EXERCISE DESCRIPTION: Leaving out the pictures, return word for word the stretch of entries below from the line holding "CIUDAD DE MÉXICO, 30ABRIL2024.- Cynthia" through the line holding "8mm Yellow Topaz".
Start of DATA EXCERPTS
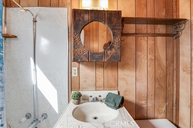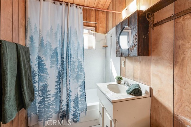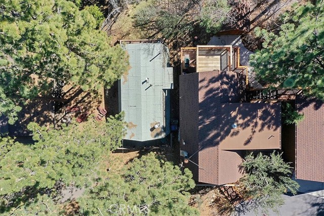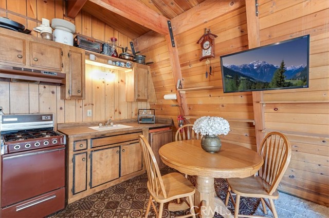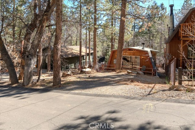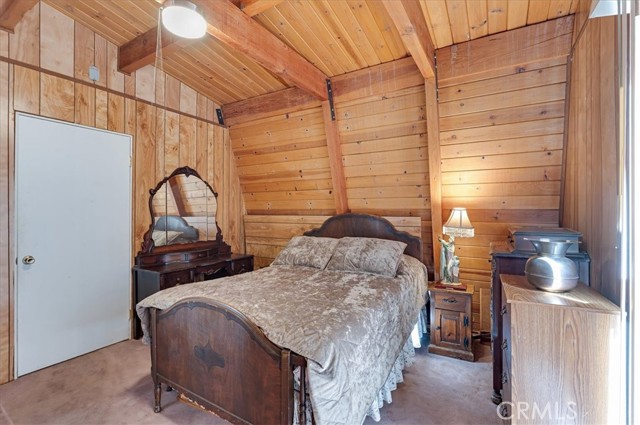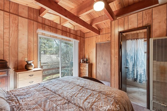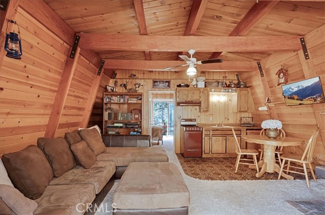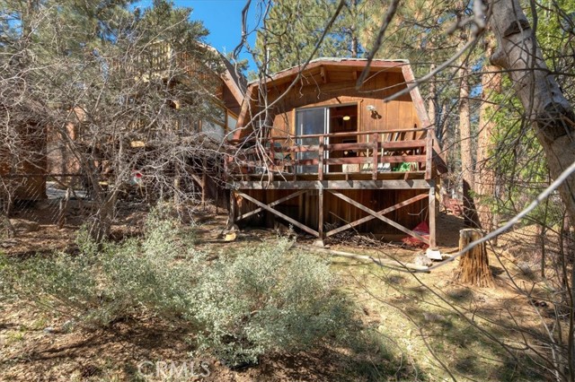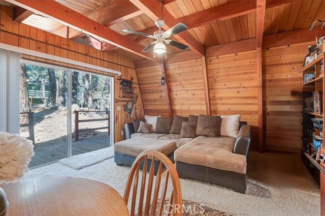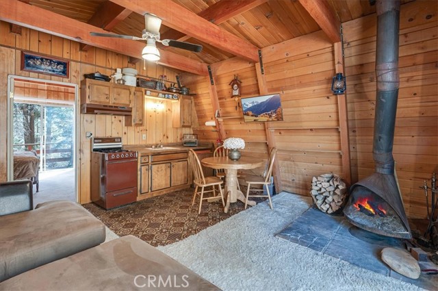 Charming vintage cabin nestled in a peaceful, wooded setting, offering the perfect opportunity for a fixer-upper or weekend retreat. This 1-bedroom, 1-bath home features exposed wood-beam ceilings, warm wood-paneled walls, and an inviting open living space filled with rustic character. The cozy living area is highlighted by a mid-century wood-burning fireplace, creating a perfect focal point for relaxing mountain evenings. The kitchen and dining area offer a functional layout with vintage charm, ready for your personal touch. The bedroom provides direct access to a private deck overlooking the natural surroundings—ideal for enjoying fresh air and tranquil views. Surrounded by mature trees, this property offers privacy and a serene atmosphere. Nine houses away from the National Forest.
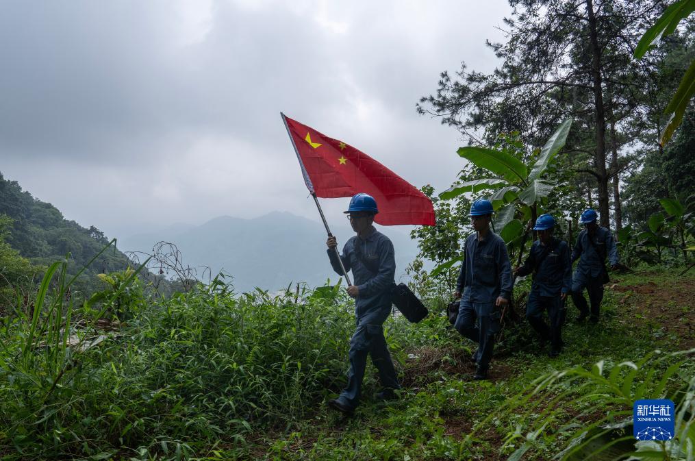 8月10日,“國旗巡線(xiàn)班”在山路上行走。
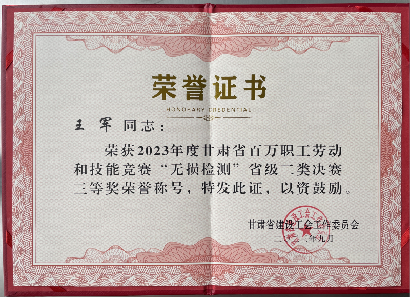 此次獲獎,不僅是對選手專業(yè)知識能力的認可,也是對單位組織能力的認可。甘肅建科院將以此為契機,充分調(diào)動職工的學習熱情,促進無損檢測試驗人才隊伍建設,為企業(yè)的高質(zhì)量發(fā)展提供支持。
End of DATA EXCERPTS
Start of DATA EXCERPTS
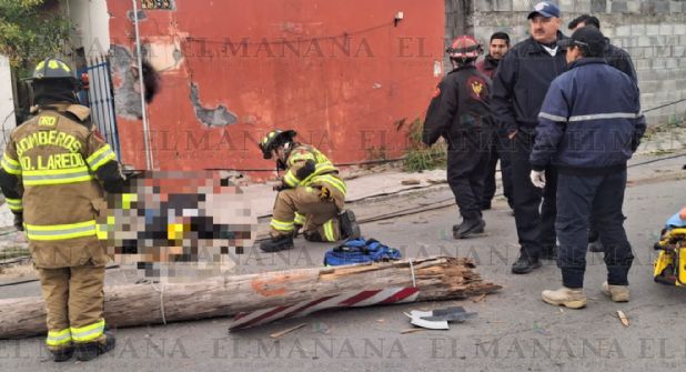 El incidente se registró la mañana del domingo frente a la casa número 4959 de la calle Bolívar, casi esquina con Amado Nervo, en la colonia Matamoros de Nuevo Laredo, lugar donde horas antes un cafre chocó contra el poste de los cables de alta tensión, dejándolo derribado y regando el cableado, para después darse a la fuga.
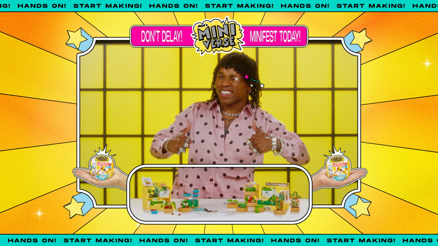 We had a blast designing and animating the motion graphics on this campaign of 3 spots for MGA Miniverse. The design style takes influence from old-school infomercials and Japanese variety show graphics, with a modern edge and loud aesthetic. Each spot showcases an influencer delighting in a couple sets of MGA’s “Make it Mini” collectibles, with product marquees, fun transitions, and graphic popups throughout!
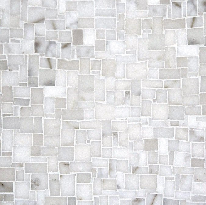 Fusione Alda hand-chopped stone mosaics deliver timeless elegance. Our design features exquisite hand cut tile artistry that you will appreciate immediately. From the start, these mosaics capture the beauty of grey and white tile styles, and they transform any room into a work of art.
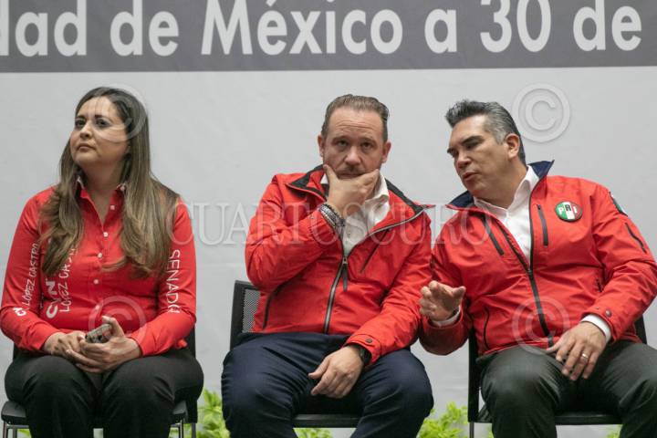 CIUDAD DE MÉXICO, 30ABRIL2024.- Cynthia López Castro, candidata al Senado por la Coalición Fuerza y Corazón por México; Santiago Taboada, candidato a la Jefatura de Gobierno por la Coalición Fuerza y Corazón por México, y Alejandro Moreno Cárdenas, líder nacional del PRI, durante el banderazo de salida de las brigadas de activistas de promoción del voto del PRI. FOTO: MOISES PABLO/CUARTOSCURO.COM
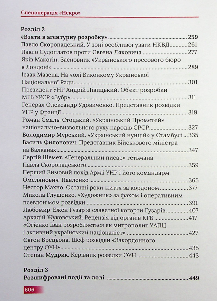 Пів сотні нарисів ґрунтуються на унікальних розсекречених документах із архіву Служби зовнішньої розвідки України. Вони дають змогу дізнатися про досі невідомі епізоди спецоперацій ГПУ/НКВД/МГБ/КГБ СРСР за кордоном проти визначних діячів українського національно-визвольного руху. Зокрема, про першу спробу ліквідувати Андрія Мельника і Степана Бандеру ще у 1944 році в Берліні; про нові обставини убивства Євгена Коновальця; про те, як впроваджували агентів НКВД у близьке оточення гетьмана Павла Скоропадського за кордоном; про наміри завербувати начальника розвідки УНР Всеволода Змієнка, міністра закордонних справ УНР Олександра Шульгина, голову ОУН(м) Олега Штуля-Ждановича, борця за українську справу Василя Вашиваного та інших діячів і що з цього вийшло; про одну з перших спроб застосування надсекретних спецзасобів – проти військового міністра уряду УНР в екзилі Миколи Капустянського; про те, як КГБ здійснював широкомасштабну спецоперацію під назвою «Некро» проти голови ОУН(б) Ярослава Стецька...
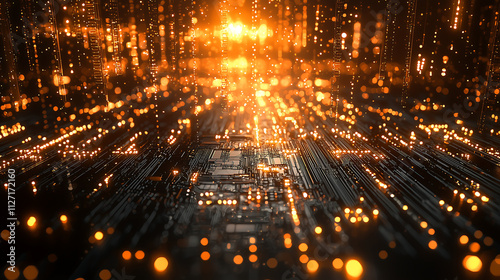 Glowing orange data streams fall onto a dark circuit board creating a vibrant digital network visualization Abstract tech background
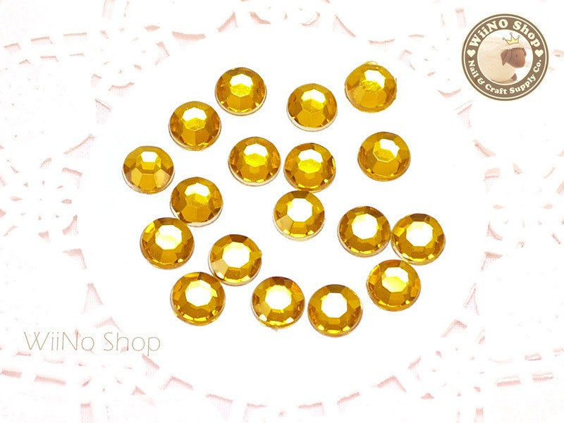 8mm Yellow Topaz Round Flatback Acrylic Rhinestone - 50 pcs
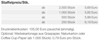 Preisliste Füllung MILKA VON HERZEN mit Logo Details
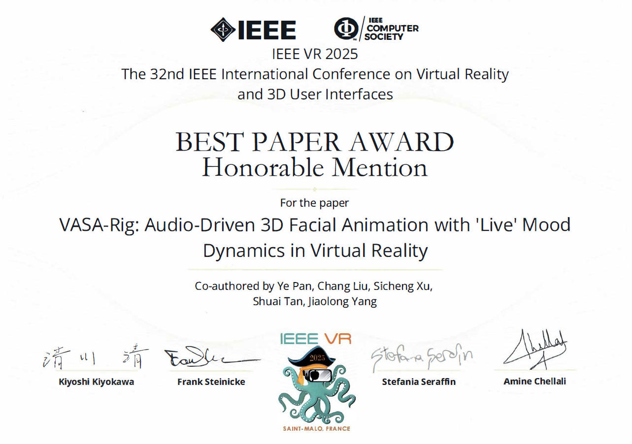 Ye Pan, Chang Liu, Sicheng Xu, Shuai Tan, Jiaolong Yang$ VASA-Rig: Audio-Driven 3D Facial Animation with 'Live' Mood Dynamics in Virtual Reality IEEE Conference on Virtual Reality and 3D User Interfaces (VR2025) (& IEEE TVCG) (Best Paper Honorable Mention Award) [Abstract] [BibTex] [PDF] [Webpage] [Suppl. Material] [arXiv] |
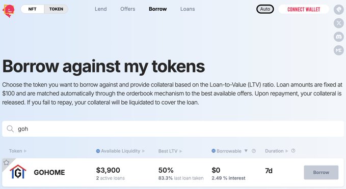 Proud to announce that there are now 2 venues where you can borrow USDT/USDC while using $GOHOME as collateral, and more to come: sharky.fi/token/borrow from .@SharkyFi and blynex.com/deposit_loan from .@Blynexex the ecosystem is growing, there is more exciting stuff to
End of DATA EXCERPTS
RESULT BELOW:
 CIUDAD DE MÉXICO, 30ABRIL2024.- Cynthia López Castro, candidata al Senado por la Coalición Fuerza y Corazón por México; Santiago Taboada, candidato a la Jefatura de Gobierno por la Coalición Fuerza y Corazón por México, y Alejandro Moreno Cárdenas, líder nacional del PRI, durante el banderazo de salida de las brigadas de activistas de promoción del voto del PRI. FOTO: MOISES PABLO/CUARTOSCURO.COM
 Пів сотні нарисів ґрунтуються на унікальних розсекречених документах із архіву Служби зовнішньої розвідки України. Вони дають змогу дізнатися про досі невідомі епізоди спецоперацій ГПУ/НКВД/МГБ/КГБ СРСР за кордоном проти визначних діячів українського національно-визвольного руху. Зокрема, про першу спробу ліквідувати Андрія Мельника і Степана Бандеру ще у 1944 році в Берліні; про нові обставини убивства Євгена Коновальця; про те, як впроваджували агентів НКВД у близьке оточення гетьмана Павла Скоропадського за кордоном; про наміри завербувати начальника розвідки УНР Всеволода Змієнка, міністра закордонних справ УНР Олександра Шульгина, голову ОУН(м) Олега Штуля-Ждановича, борця за українську справу Василя Вашиваного та інших діячів і що з цього вийшло; про одну з перших спроб застосування надсекретних спецзасобів – проти військового міністра уряду УНР в екзилі Миколи Капустянського; про те, як КГБ здійснював широкомасштабну спецоперацію під назвою «Некро» проти голови ОУН(б) Ярослава Стецька...
 Glowing orange data streams fall onto a dark circuit board creating a vibrant digital network visualization Abstract tech background
 8mm Yellow Topaz Round Flatback Acrylic Rhinestone - 50 pcs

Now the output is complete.